### Task instructions
Retype exactly what runs from the first line of the data to the line with "source: www.81.cn) |", keeping both of those lines and skipping pictures.

### Available data
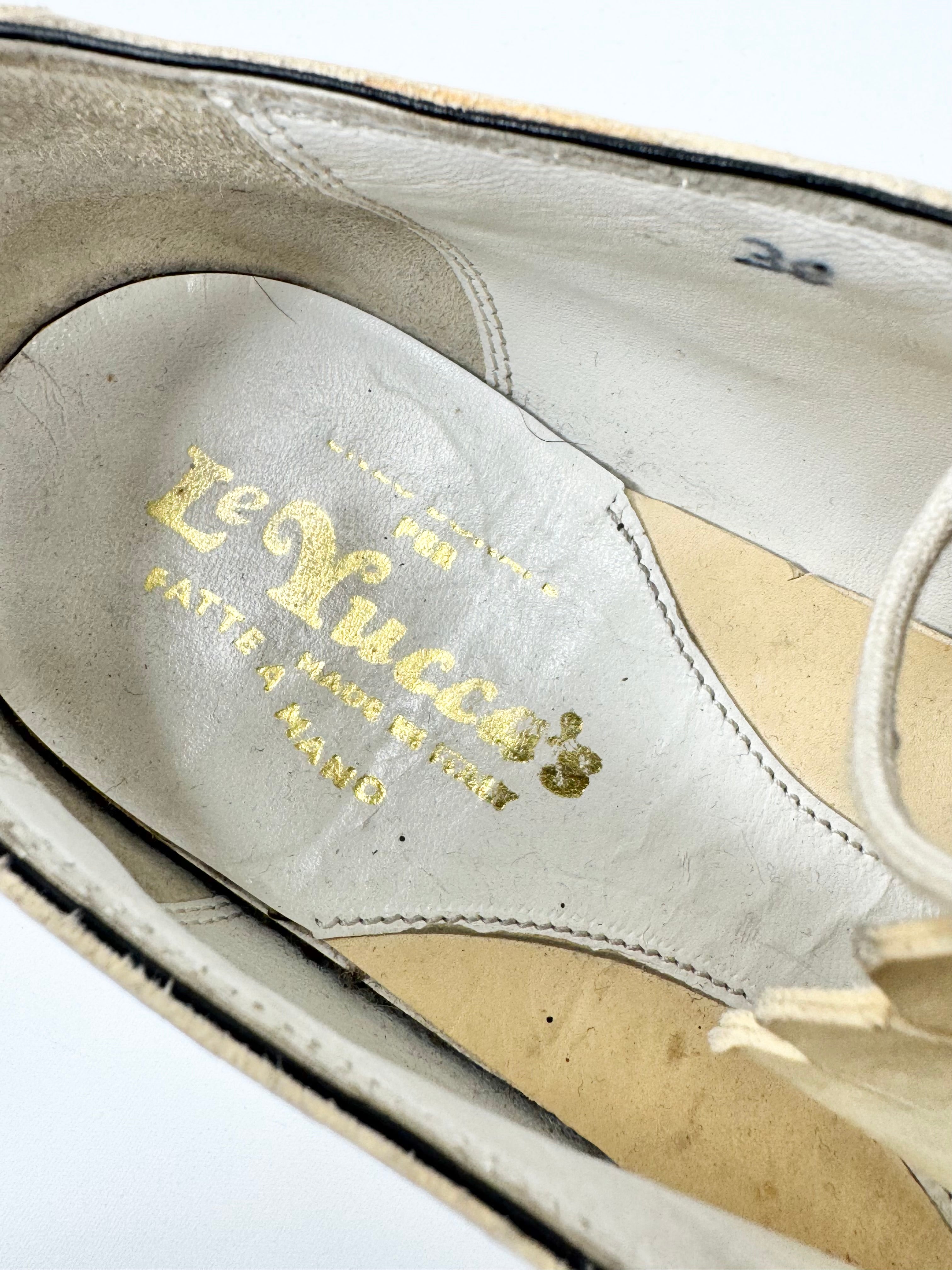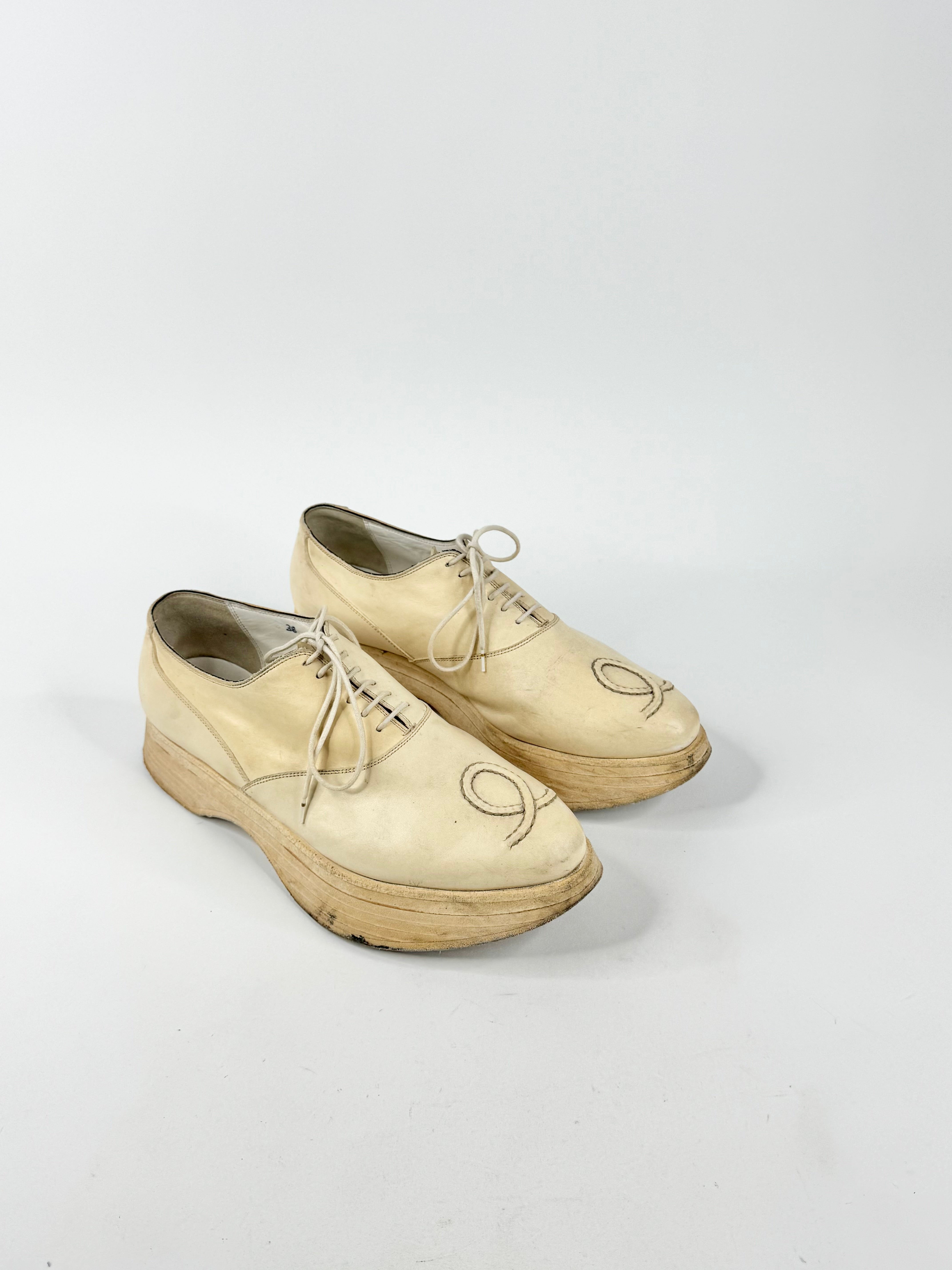 A pair of vanilla shaded pair of leather shoes with delicate laces, a stitched motif on the front and a slight platform. These shoes do need to have a good clean and there is some overall wear especially to the sole.
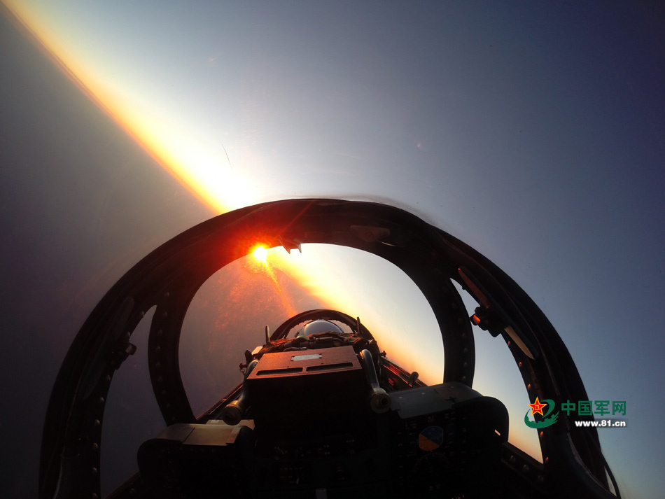 | The air force of China’s North Sea Fleet conducts actual combat training on Jan. 9, 2015. As the first subject, the night flight training was a complete success. (Photo source: www.81.cn) |
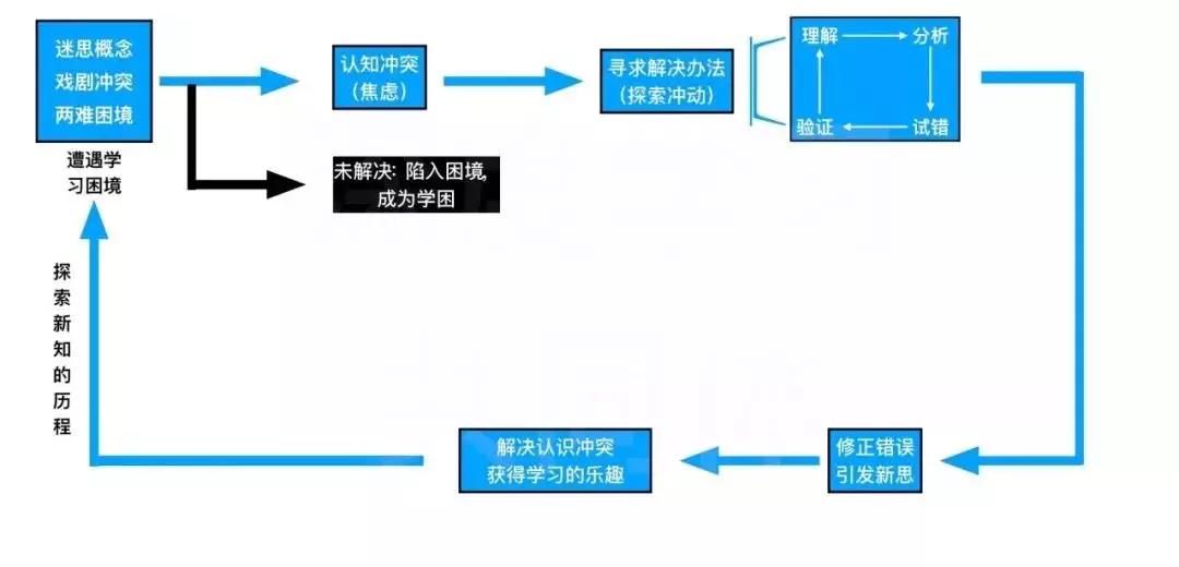 学生的学习动机最初产生于“学习困境”,在不同学科情境下可能表现为“迷思概念”、“戏剧冲突”或“两难困境”,这种不能解决、不能突破、不能澄清的状态就是所谓的“认知冲突”。
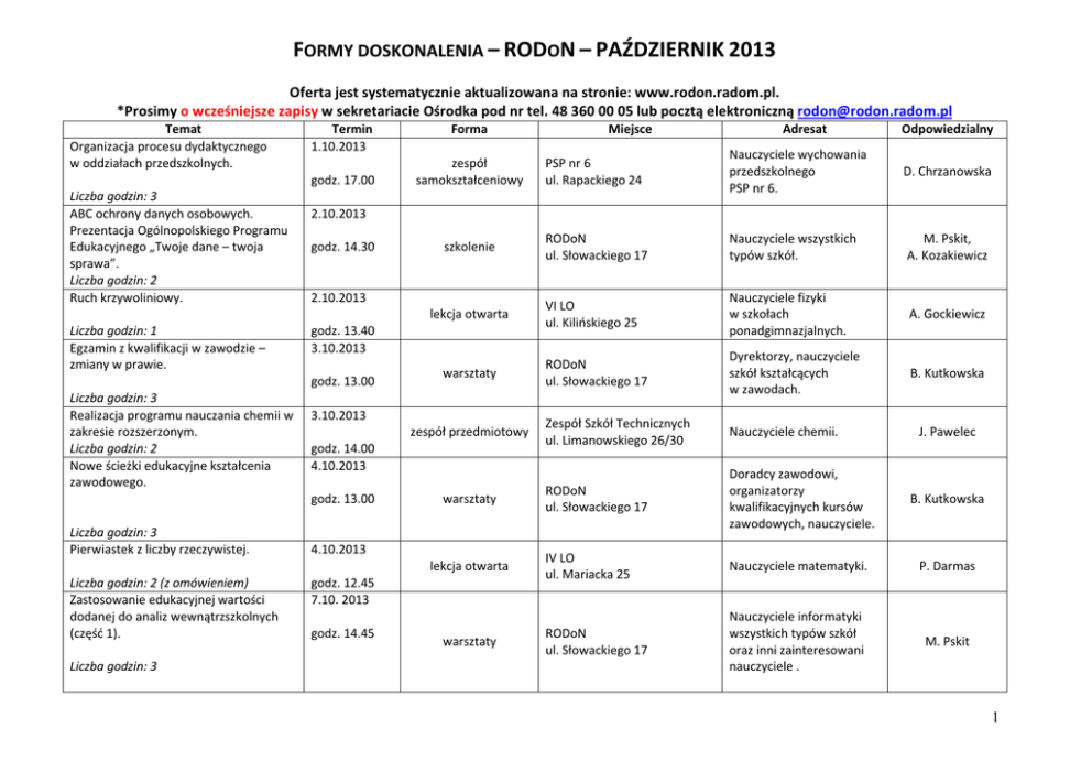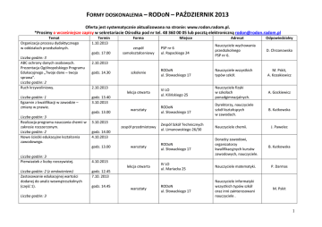 FORMY DOSKONALENIA – RODON – PAŹDZIERNIK 2013 Oferta jest systematycznie aktualizowana na stronie: www.rodon.radom.pl. *Prosimy o wcześniejsze zapisy w sekretariacie Ośrodka pod nr tel. 48 360 00 05 lub pocztą elektroniczną [email protected] Temat Organizacja procesu dydaktycznego w oddziałach przedszkolnych. Termin 1.10.2013 godz. 17.00 Liczba godzin: 3 ABC ochrony danych osobowych. Prezentacja Ogólnopolskiego Programu Edukacyjnego „Twoje dane – twoja sprawa”. Liczba godzin: 2 Ruch krzywoliniowy. Forma godz. 14.30 PSP nr 6 ul. Rapackiego 24 Nauczyciele wychowania przedszkolnego PSP nr 6. D. Chrzanowska szkolenie RODoN ul. Słowackiego 17 Nauczyciele wszystkich typów szkół. M. Pskit, A. Kozakiewicz VI LO ul. Kilińskiego 25 Nauczyciele fizyki w szkołach ponadgimnazjalnych. A. Gockiewicz RODoN ul. Słowackiego 17 Dyrektorzy, nauczyciele szkół kształcących w zawodach. B. Kutkowska Zespół Szkół Technicznych ul. Limanowskiego 26/30 Nauczyciele chemii. RODoN ul. Słowackiego 17 Doradcy zawodowi, organizatorzy kwalifikacyjnych kursów zawodowych, nauczyciele. B. Kutkowska IV LO ul. Mariacka 25 Nauczyciele matematyki. P. Darmas RODoN ul. Słowackiego 17 Nauczyciele informatyki wszystkich typów szkół oraz inni zainteresowani nauczyciele . M. Pskit 2.10.2013 godz. 13.40 3.10.2013 warsztaty 3.10.2013 zespół przedmiotowy godz. 14.00 4.10.2013 godz. 13.00 Liczba godzin: 3 Pierwiastek z liczby rzeczywistej. warsztaty 4.10.2013 lekcja otwarta Liczba godzin: 2 (z omówieniem) Zastosowanie edukacyjnej wartości dodanej do analiz wewnątrzszkolnych (część 1). Liczba godzin: 3 Odpowiedzialny 2.10.2013 godz. 13.00 Liczba godzin: 3 Realizacja programu nauczania chemii w zakresie rozszerzonym. Liczba godzin: 2 Nowe ścieżki edukacyjne kształcenia zawodowego. Adresat zespół samokształceniowy lekcja otwarta Liczba godzin: 1 Egzamin z kwalifikacji w zawodzie – zmiany w prawie. Miejsce godz. 12.45 7.10. 2013 godz. 14.45 warsztaty J. Pawelec 1 Praca z maturzystą – etapy pracy nad prezentacją maturalną. Liczba godzin: 2 Konkurs czytelniczy szansą na rozbudzenie zainteresowań lekturą młodzieży w szkole ponadgimnazjalnej. Liczba godzin: 2 Matura z geografii 2013 - poziom podstawowy. Liczba godzin: 2 Opracowanie autorskich i innowacyjnych programów nauczania. Przykłady dobrych praktyk. Liczba godzin: 4 Placówka promująca zdrowy styl życia – kulinarne zabawy dla niejadków. 7.10.2013 lekcja otwarta godz. 11.55 7.10.2013 godz. 15.15 7.10.2013 godz. 14.30 ZSO nr 6 ul. Kilińskiego 25 warsztaty RODoN ul. Słowackiego 17 9.10.2013 warsztaty PP nr 1 ul. Zientarskiego 3 Nauczyciele poloniści, uczniowie. E. Zawodnik Nauczyciele poloniści, bibliotekarze. E. Zawodnik Nauczyciele geografii szkół ponadgimnazjalnych. Nauczyciele przedszkoli, szkół podstawowych i gimnazjów. Nauczyciele wychowania przedszkolnego i edukacji wczesnoszkolnej. J. Kwiatkowska J. Siemiątkowska D. Chrzanowska B. Jankowska 9.10.2013 godz. 14.00 RODoN ul. Słowackiego 17 Zainteresowani nauczyciele. K. Ziomek Zespół Szkół Technicznych ul. Limanowskiego 26/30 Nauczyciele chemii. J. Pawelec warsztaty Zespół Szkół Elektronicznych ul. Sadkowska 19 (sala 107) Nauczyciele wychowania fizycznego. J. Kuczyński warsztaty RODoN ul. Słowackiego 17 Nauczyciele przedszkoli, szkół podstawowych i gimnazjów. lekcja otwarta PSP nr 13 ul. Sienkiewicza 31 warsztaty 9.10.2013 lekcja otwarta Liczba godzin: 1 Jak motywować ucznia do wysiłku fizycznego, aby był przyjemnością a nie przykrym obowiązkiem? Liczba godzin: 4 Konkurs piosenki klasowej: „Klasowe muzykowanie” Jak zaplanować przedsięwzięcie oraz przygotować dzieci i młodzież do jego realizacji? Liczba godzin: 4 Wędrówki po Europie. Audycja muzyczna. Liczba godzin: 2 V LO ul. Traugutta 52a warsztaty godz. 15.00 8.10.2013 godz. 16.30 Liczba godzin: 4 Wspomaganie rozwoju dziecka młodszego: przykłady zabaw integrujących półkule mózgowe. Liczba godzin: 2 Rodzaje paliw kopalnych. warsztaty II LO ul. Kusocińskiego 8 godz. 8.50 10.10.2013 godz. 16.00 10.10.2013 godz. 14.30 10.10.2013 godz. 10.30 Zainteresowani nauczyciele. J. Siemiątkowska K. Ziomek 2 Awans zawodowy nauczyciela – podstawa prawna 11.10.2013 godz. 13.00 Liczba godzin: 3 Integracja zespołu klasowego. Liczba godzin: 3 Błękitny pakiet-wykorzystanie nowoczesnych materiałów dydaktycznych w nauczaniu o zmianach klimatu na przedmiotach przyrodniczych. Liczba godzin: 2 Projekt w pracy Szkolnego Klubu Europejskiego – tworzymy ankietę. Liczba godzin: 3 Placówka promująca zdrowy styl życia – kulinarne zabawy dla niejadków. godz. 15.00 warsztaty RODoN ul. Słowackiego 17 Zainteresowani nauczyciele. A. Siczek warsztaty ZSO nr 6 ul. Kilińskiego 25 warsztaty RODoN ul. Słowackiego 17 Opiekunowie SKE. warsztaty RODoN ul. Słowackiego 17 Nauczyciele przedszkoli, szkół i placówek. G. Syta Nauczyciele wychowania przedszkolnego i edukacji wczesnoszkolnej. D. Chrzanowska B. Jankowska Nauczyciele przyrody szkół ponadgimnazjalnych. J. Kwiatkowska A. Rdzanek 16.10.2013 godz. 13.30 16.10.2013 warsztaty 16.10.2013 PP nr 1 ul. Zientarskiego 3 warsztaty PSP nr 13 ul. Sienkiewicza 31 Zainteresowani nauczyciele. K. Ziomek warsztaty RODoN ul. Słowackiego 17 Nauczyciele wok-u i języka polskiego szkół ponadgimnazjalnych. A. Nobis Zespół Szkół Elektronicznych ul. Sadkowska 19 (sala gimnastyczna) Nauczyciele wychowania fizycznego. J. Kuczyński godz. 14.00 17.10.2013 17.10.2013 godz. 16.00 Liczba godzin: 3 B. Kutkowska 16.10.2013 godz. 13.00 Liczba godzin: 2 Nauczanie zbicia piłki i doskonalenie bloku w siatkówce. Zainteresowani nauczyciele. godz. 15.00 15.10.2013 godz. 16.30 Liczba godzin: 4 Wspomaganie rozwoju dziecka młodszego: „gimnastyka buzi i języka”. Liczba godzin: 2 Pomysł na lekcje wok-u w kontekście matury ustnej od 2015 roku. RODoN ul. Słowackiego 17 11.10.2013 godz. 15.30 Liczba godzin: 3 Pomoc psychologiczno-pedagogiczna w świetle przepisów

### Response box
 A pair of vanilla shaded pair of leather shoes with delicate laces, a stitched motif on the front and a slight platform. These shoes do need to have a good clean and there is some overall wear especially to the sole.
 | The air force of China’s North Sea Fleet conducts actual combat training on Jan. 9, 2015. As the first subject, the night flight training was a complete success. (Photo source: www.81.cn) |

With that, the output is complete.